その中でも特にお勧めしたいのは、「甲州街道より南」「環八通りより東」「目黒通りより北」「山手通りより西」となる下記図表で示した区域です。
[図表1]
その理由は、この区域がとりわけ、
①家賃および賃貸需要が安定して高いため、確実な収益と低い空室率が見込める
②家賃が高い他地域に比べ、地価が安い
③比較的高い家賃を払える賃借人が多く、トラブルなどが少ない
からです。
②に関して、この区域の地価が比較的安い理由としては、「地名のネームバリューが、他のエリアと比べてあまり高くない」ことをあげることもできます。同じ城南エリア内にあり、生活環境がほとんど変わらない隣接する地域であっても、実は「地名」によって、地価にはかなりの差が生じています。
「徒歩10分」の物件にするだけで地価は大きく変わる
筆者のオフィスを例にあげてみましょう。私たちは目黒区「大橋」という住所に、自社のビルを構えています。

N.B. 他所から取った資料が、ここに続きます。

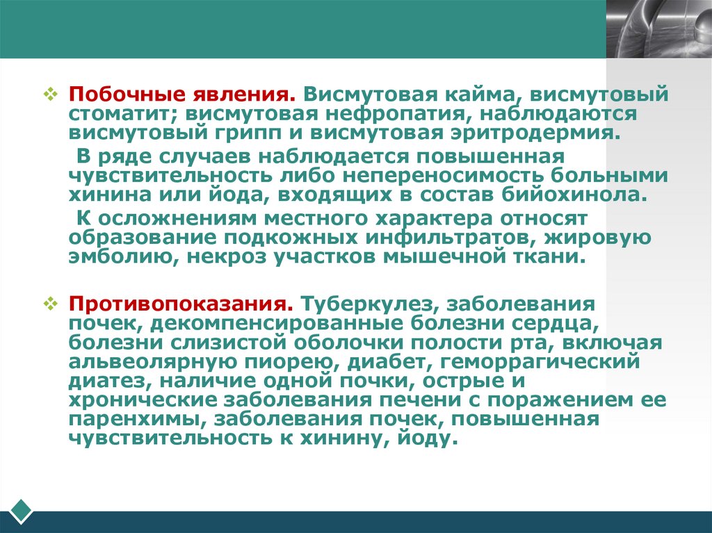 LOGOПобочные явления. Висмутовая кайма, висмутовый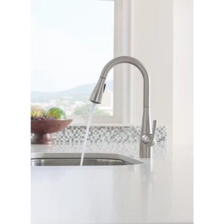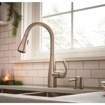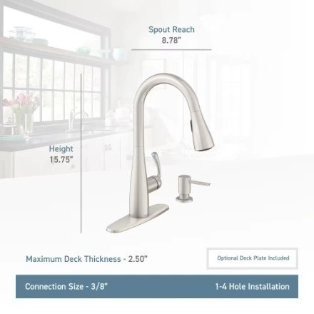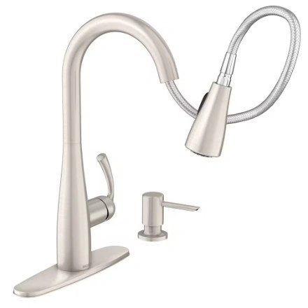 Brand new sealed MOEN Essie pull-down kitchen faucet/tap with soap dispenser in spot-resistant stainless steel. Model 87014SRS. Style meets functionality in the Essie pull-down sprayer kitchen faucet from MOEN, boasting transitional design appeal while showcasing several of MOEN's top innovative features. Essie utilizes Reflex technology and Powerclean technology that delivers 50% more spray power. Spot Resist stainless finish resists fingerprints and water spots. Equipped with the Reflex system for smooth operation, easy movement, and secure docking of the pull-down spray head. Features Duralock quick connect system for easy installation. Pull-down design offers at-your-fingertips water delivery. Optional soap/lotion dispenser and deck plate (escutcheon) included for a 1, 2, 3, or 4-hole sink configuration. Deck plate included.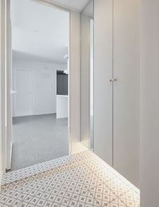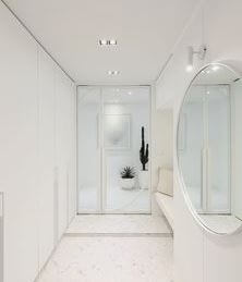 공간을 최대로 사용하려면 입구에서 동선이나 흐름을 방해하지 않도록 슬림한 콘솔 테이블을 배치하고, 콘솔 위에 거울을 올려두면 시각적으로 공간을 더욱 확장시킬 수 있고 빛을 반사하여 더 밝고 개방적인 느낌을 줄 수 있습니다.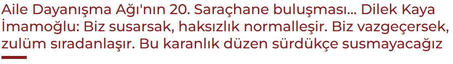 Konuşmasında bir avuç insanın yüzlerce aileye reva gördüğü zulmü kabul etmediklerini vurgulayan İmamoğlu, boyun eğmedikleri ve alışmadıkları için orada olduklarını söyledi. Sadece sevdikleri için değil, demokrasi, özgürlük ve çocuklarının yarınları için mücadele ettiklerini dile getirdi. Herkes için eşit işleyen bir hukuk düzeni talep ederken, yaşanan adaletsizliğin yarın hepimizin kapısını çalabileceğini uyarısında bulundu.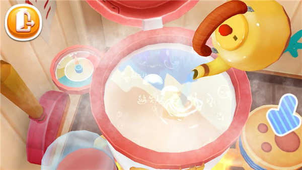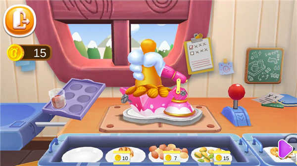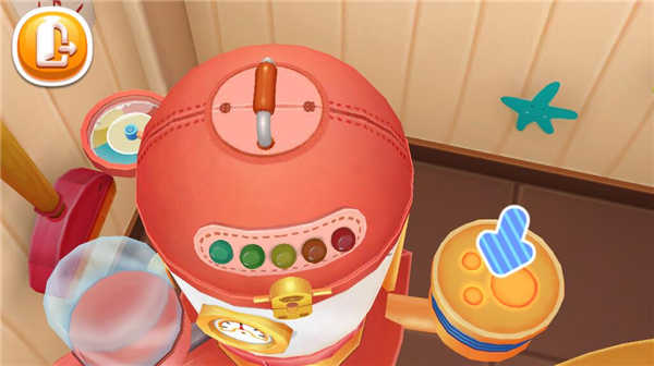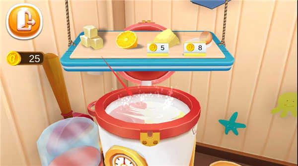 宝宝希望糖果的口味更丰富?那就得在糖浆原液上“下功夫”。料理台上,榨汁机、磨粉机都给出“提示”,答对了,可以在糖浆中加入多样的果汁、细粉末。

10mほど先の山手通りを越えると、同じ目黒区でも「青葉台」(いわゆる代官山)という地名になります。地価を比べてみると、大橋が坪あたり約250万~300万円であるのに対し、青葉台は坪あたり約400万~500万円を超える場合もあります。
大橋に比べて、青葉台の方が格段に地価が高いのです。
しかしながら、賃貸をお探しのお客様が、インターネットなどで「東急田園都市線池尻大橋駅から徒歩10分以内」「京王井の頭線神泉駅から徒歩10分以内」といった条件で検索すると、「大橋」にある物件も「青葉台」にある物件も一緒に検索されて出てくるはずです。
要するに、「大橋」も「青葉台」も、最寄駅からの距離はほとんど変わらないのです。しかも、同じ条件のワンルームの賃貸物件の家賃が「大橋」で10万円、「青葉台」で16万円になるわけではありません。「大橋」であろうと「青葉台」であろうと、10万円であることが多いのです。
すなわち、「大橋」に新築一棟賃貸型投資マンションを建てれば、「青葉台」に建てた場合に比べ、土地の取得コストは低く抑えられるにもかかわらず、同額の家賃収入が得られるため、より利回りの高い物件を取得することになります。
同様に、もし自由が丘周辺にこだわって、物件を見つけるのであれば、隣接する緑が丘がお勧めです。
自由が丘駅と緑が丘駅、自由が丘駅と奥沢駅の中間あたり、それぞれの駅に徒歩10分ほどで行ける場所まで行けば、自由が丘駅徒歩7分圏内に比べて、地価は半分ほどになる物件もあるからです。インターネットの賃貸情報サイトの条件検索を見ると、「駅から徒歩5分以内」の次は「駅から徒歩10分以内」となっているケースがほとんどです。
このように、賃貸マーケットにおいて「駅から徒歩7分」と「駅から徒歩10分」の違いは、そう大きくはないのです。
したがって、期待できる家賃収入の額は、自由が丘も緑が丘もほとんど変わらないはずです。そうであるならば、より安く購入できる緑が丘の物件を選ぶ方が合理的といえるでしょう。